I think of this often when dealing with our education industry.  There are many teachers fighting in the trenches to educate children.  Unfortunately, there are also many teachers who have surrendered to a system that rewards the creation and maintenance of "crisis."  The measure of excellence applied to (American) school districts is not that they educate their students, it is the ratio of those who do graduate who go on to college.  It does not matter of 40% of your students drop out of school so long as at least 40% of those students who do graduate go on to college -- your school district is a "success" if that is the case.

Raggle:
Lew said
--- Quote ---The "problem" lies more with parents than with schools.
--- End quote ---

My 2 yr-old grandson is besotted with tractors and diggers. But most of his toys have some kind of electronic beep or whizzing noise. I don't get to see him very often but when he shows enough signs of needing them I have a lot of Meccano junk to foist on him. At present I'm informed he doesn't put things in his mouth much (the great fear of toy manufacturers who have to mark their product with "3 yrs +") but I don't think he'd manage the tiny nuts and bolts just yet. He is showing signs of finding out how things work so the day won't be too far off. He can change his own AA batteries!

Following that he will eventually receive a plastic Unimat1, followed by my Taig lathe and Adept hand shaper, etc when I am either truly past it or demised.

Finding enough information aimed at kids to encourage these skills is a bit harder than it should be and this must be the duty of parents, in the full knowledge that the schools cannot provide it.

The aim here is not necessarily to raise a nation of machinists, rather to foster the curiosity in kids as to how things work and, more to the point, how "I" can do it, or improve it, or try out ideas.

"Health and Safety" starts with the simple instruction we all got at an early age  -  "don't run with scissors!"

H&S as quoted by the Ebay advertiser translates as fear of litigation as Bogs said. I once walked down a road and a truck doing 50 mph missed me by 18 inches. It did it again the next day and the next, just the same as many trucks had missed, and still miss pedestrians. Reason is I was on the pavement (sidewalk) and the truck kept to his part of the road. If the H&S crisis management people really got their way there would be a safety fence between us.

I'm looking forward to the day when I can tell young Milo to avoid that spinning chuck and sharp drill. I KNOW he will be fine.

Ray

kwackers:
Most of the nonsense about H&S is exactly that.
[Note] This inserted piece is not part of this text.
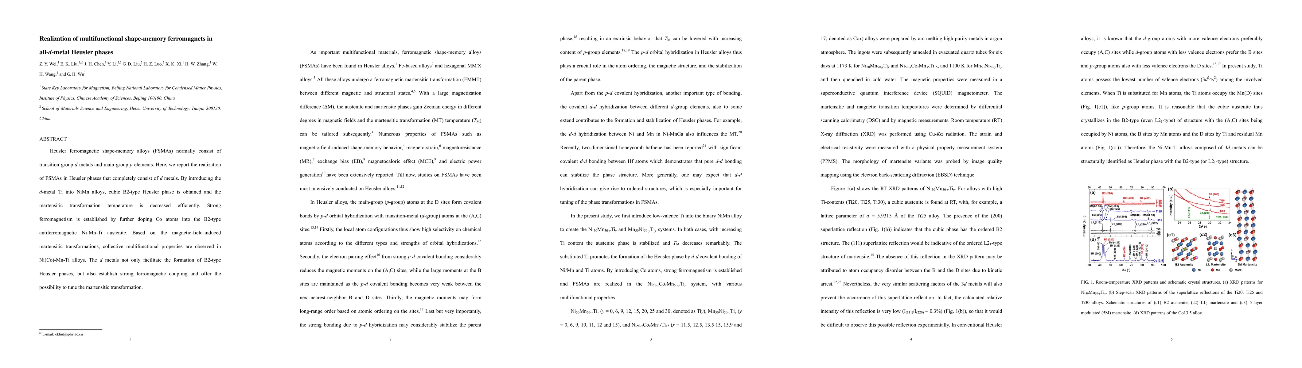 This paper reports the development of multifunctional shape-memory ferromagnets in all-d-metal Heusler phases by doping Ti into NiMn alloys and further doping Co to achieve strong ferromagnetism. The resulting Ni(Co)-Mn-Ti alloys exhibit collective multifunctional properties through magnetic-field-induced martensitic transformations.
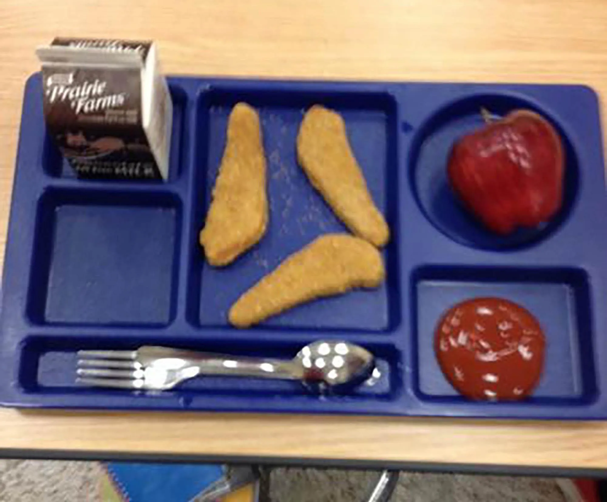 Також опублікували дуже скромне меню якогось школяра: три нагетси, кетчуп, одне яблуко та шоколадне молоко. Складно уявити, що дитина після такого обіду залишиться ситою.

Urban myths spread around. The real issue is that they're believed and acted upon by folk.
The H&S website even has a section devoted to urban myths, worth a read and in particular worth reading what their mission statement is - it's certainly not what the DM would have you believe.
http://www.hse.gov.uk/myth/index.htm

The issue is much more one of culture rather than H&S. We've brought up children to expect a quick fix. When I was a kid I had meccano, then people moved over to lego which was quicker because it just clicked together, now even lego is pre-constructed into modules, couple of clicks and you're done.
Todays kids have a attention span measured in seconds, not even long enough to turn a piece to size! This has ramifications for society as a whole, a whole generation of adults now exist who want immediate gratification, either through consumerism where they become indebted because they can't wait, bad drivers who lack the patience to deal with others or people who simply can't settle down and flit from one thing to another becoming more and more irritated and impatient.
We seem to be becoming a society or 'rushers', jumping from one event to the next without stepping back, relaxing and enjoying the moment.